COLLECTED DATA:

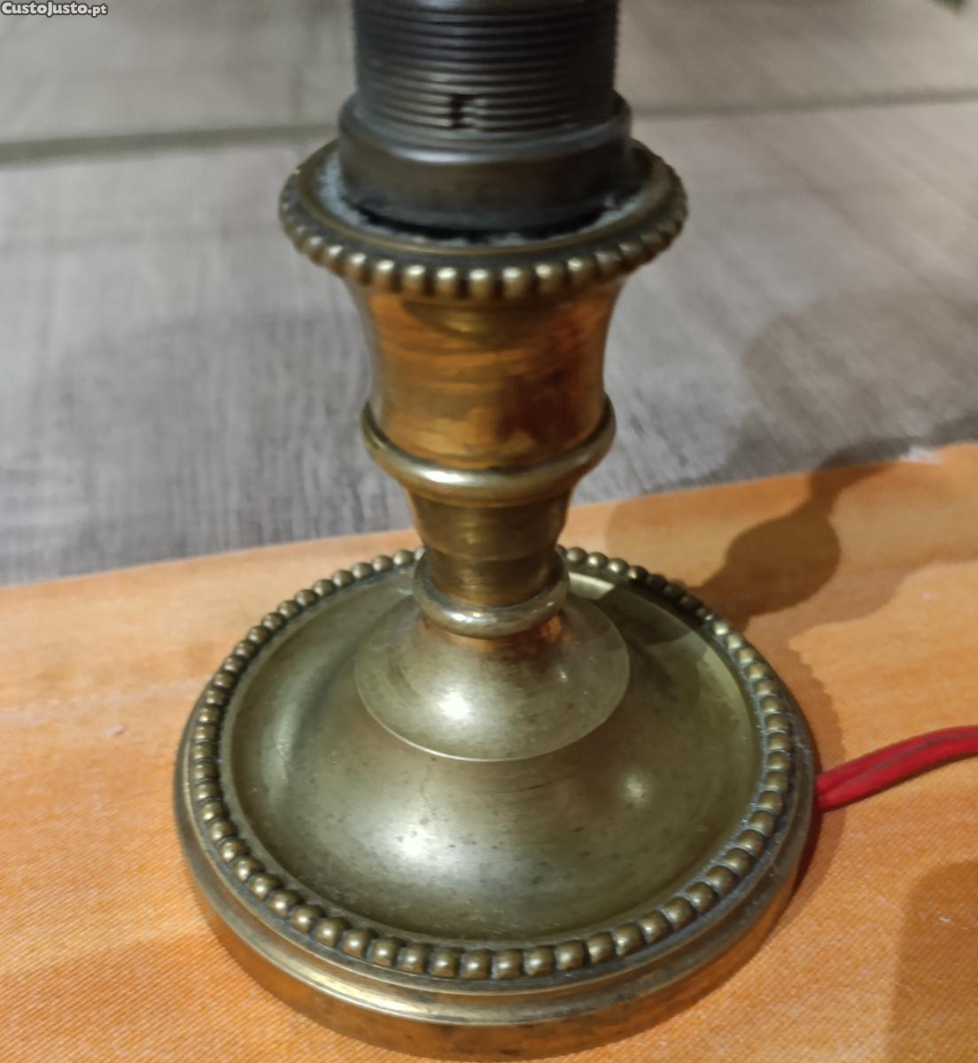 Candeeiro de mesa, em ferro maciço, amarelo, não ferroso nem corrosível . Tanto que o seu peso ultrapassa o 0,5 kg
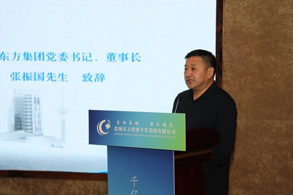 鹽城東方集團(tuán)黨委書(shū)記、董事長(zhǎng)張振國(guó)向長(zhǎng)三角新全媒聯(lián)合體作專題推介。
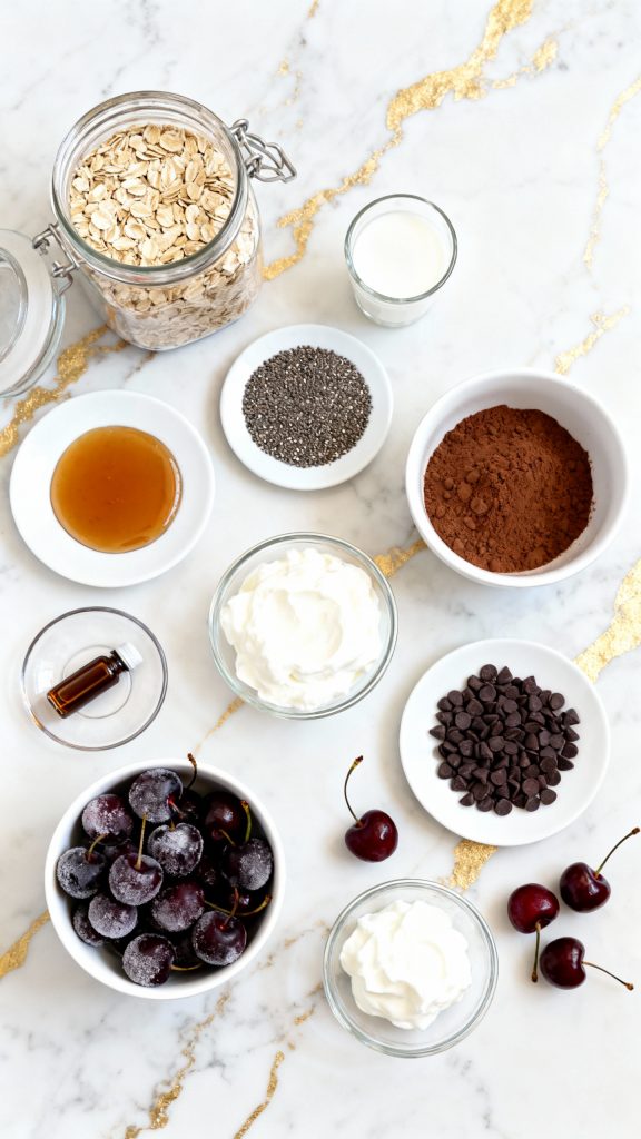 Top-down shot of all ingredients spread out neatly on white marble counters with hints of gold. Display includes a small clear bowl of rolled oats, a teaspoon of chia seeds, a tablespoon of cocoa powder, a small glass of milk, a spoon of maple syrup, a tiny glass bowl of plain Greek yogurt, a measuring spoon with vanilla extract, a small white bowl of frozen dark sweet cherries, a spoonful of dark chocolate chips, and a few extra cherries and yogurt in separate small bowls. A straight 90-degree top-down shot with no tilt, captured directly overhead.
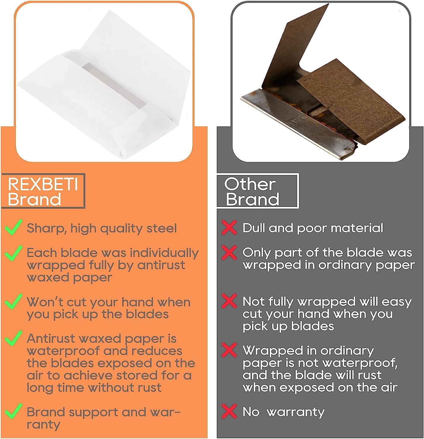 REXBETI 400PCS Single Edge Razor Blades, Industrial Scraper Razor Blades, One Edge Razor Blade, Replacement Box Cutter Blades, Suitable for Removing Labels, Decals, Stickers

PROBLEM DETAILS: Take the material above and set it down exactly, minus the images.

SOLUTION TO THIS PROBLEM:
 Candeeiro de mesa, em ferro maciço, amarelo, não ferroso nem corrosível . Tanto que o seu peso ultrapassa o 0,5 kg
 鹽城東方集團(tuán)黨委書(shū)記、董事長(zhǎng)張振國(guó)向長(zhǎng)三角新全媒聯(lián)合體作專題推介。
 Top-down shot of all ingredients spread out neatly on white marble counters with hints of gold. Display includes a small clear bowl of rolled oats, a teaspoon of chia seeds, a tablespoon of cocoa powder, a small glass of milk, a spoon of maple syrup, a tiny glass bowl of plain Greek yogurt, a measuring spoon with vanilla extract, a small white bowl of frozen dark sweet cherries, a spoonful of dark chocolate chips, and a few extra cherries and yogurt in separate small bowls. A straight 90-degree top-down shot with no tilt, captured directly overhead.
 REXBETI 400PCS Single Edge Razor Blades, Industrial Scraper Razor Blades, One Edge Razor Blade, Replacement Box Cutter Blades, Suitable for Removing Labels, Decals, Stickers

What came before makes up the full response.